Coyne’s most recent article in Nature examines the dust rings around newborn stars that eventually collide, collect into dirt clods and eventually compact into planets, possibly life-sustaining ones. He admits that if we discovered extraterrestrial life, it might prompt some new thinking as a Jesuit.
“The theological problem becomes interesting only after a series of hypotheticals are answered,” he says and puts his fingers together in a tent. Unlike his other answers, Coyne’s words are suddenly dense and compounded. This is an “angels on the head of a pin” answer, a Jesuitical answer.
“O.K., so I meet this ‘person.’ I would ask him: ‘Are you intelligent? Self-reflexive? In the traditional sense do you have what we call a soul?’ Good. ‘Nice to meet you.’ ” He says he would then find out if their civilization sinned, then if it was redeemed, then if the redeemer was a man named Jesus, and then: “If they say, ‘Oh yes, now you have a theological problem. How could Jesus Christ be our redeemer on earth and of another planet and still be the one Son of God. Could he have had several incarnations? That’s a pretty ticklish theological problem and I don’t know the answer.”
Later, when I ask Corbally if he would want to baptize aliens, the painful conflict of the interventionist duties of the Jesuit versus the detached objectivity of the scientist is visible.
Corbally knots his legs into rope and wraps both his arms behind his head. His soft voice almost disappears. I must lean forward to hear him murmur that, yes, he would try to baptize them. But Corbally adds dolefully, “I would first want to examine the theological data of their beliefs.”

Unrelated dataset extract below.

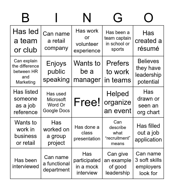 This bingo card has a free space and 24 words: Has worked on a group project, Can name a functional department, Wants to be a manager, Has been interviewed, Has created a résumé, Has led a team or club, Can explain the difference between HR and Marketing, Can name a retail company, Helped organize an event, Has done a class presentation, Prefers to work in teams, Has listed someone as a job reference, Can describe what “recruitment” means, Has filled out a job application, Enjoys public speaking, Can give an example of good leadership, Has drawn or seen an org chart, Has work or volunteer experience, Believes they have leadership potential, Has used Microsoft Word Or Google Docs, Can name 3 soft skills employers look for, Wants to work in business or retail, Has been a team captain in school or sports and Has participated in a mock interview.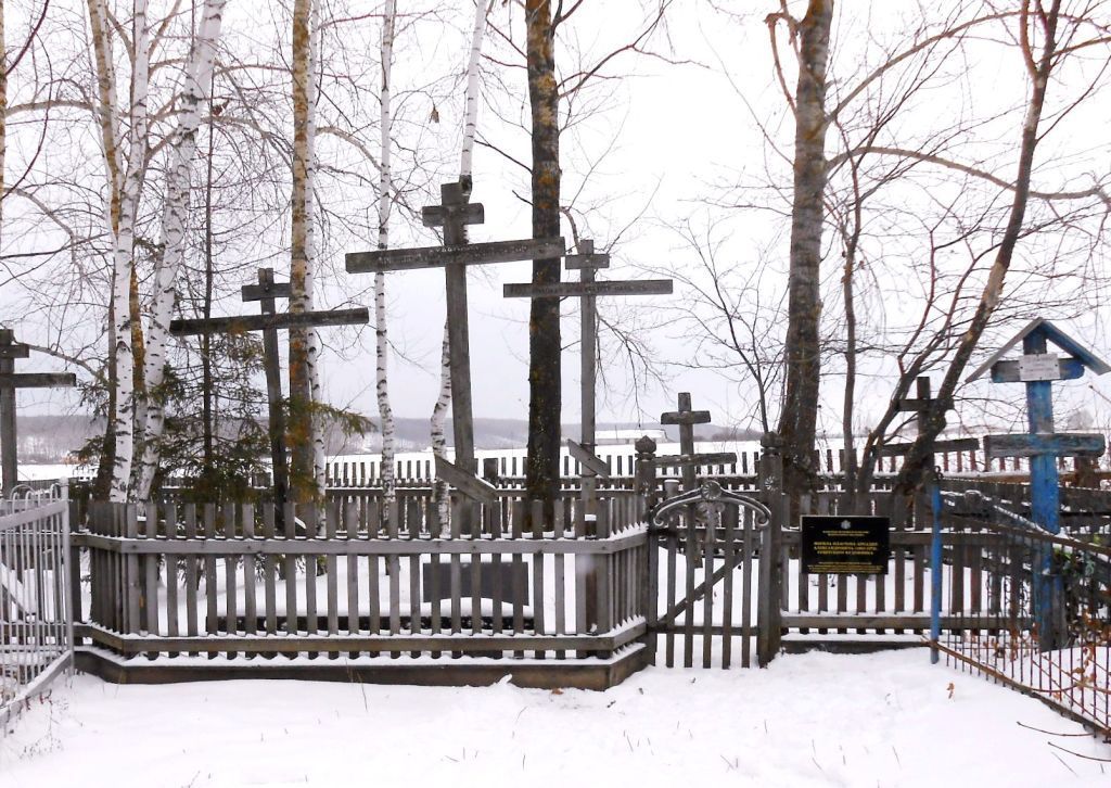 1. Градостроительные характеристики Место расположения захоронения в современных границах участка: на кладбище села Прислониха Карсунского района Ульяновской области (фото 1, 2).2. Инженерно-конструктивные и архитектурные характеристики2.1. Надгробная плита (фото 2-4).2.2. Надгробный крест (фото 1-3, 5, 6).2.3. Ограда с калиткой (фото 1, 7).2.4. Материал (серый гранит) и форма (прямоугольная трёхступенчатая, вторая ступень профилированная, третья – высокая из целого куска гранита) надгробной плиты. 2.5. Выгравированная надпись на надгробной плите «Художник Аркадий Александрович Пластов, 1893-1972 г.» (фото 2, 3, 4).2.6. Материал: дерево (дуб) надгробного креста. 2.7. Надпись на второй перекладине надгробного креста «Художник Аркадий Александрович Пластов, 1893-1972 г.» (фото 5, 6).2.8. Материал (деревянный штакетник) ограды с калиткой:2.9. Декор калитки: резные столбики, навершие калитки с глухой резьбой (фото 1, 7). 3. Могила с прахом усопшего (фото 1-4).

An important context to bear in mind is that both Fr. Funes and Fr. Corbally formed their thoughts before the recent Kepler finds confirmed the existence of many, many exoplanets likely to be home to life — and possibly even intelligent life. Fr. Corbally’s comments, in particular, were made at a time when serious public discussion among respected scientists regarding intelligent life “out there” was a rare thing.
Another thing that makes their remarks interesting is that astronomers aren’t prone to speculation and theorizing. Or at least, that’s the way it often seems. Astronomers tend to be a very different breed from, say, theoretical physicists. This is perhaps why SETI’s Seth Shostak can come across as frustratingly stubborn and unimaginative in any discussion about ETs, while folks like Michio Kaku and Stephen Hawking seem open to all manner of possibility when it comes to extraterrestrials.
Leave it to the Jesuits to be the astronomers capable of making a leap of faith.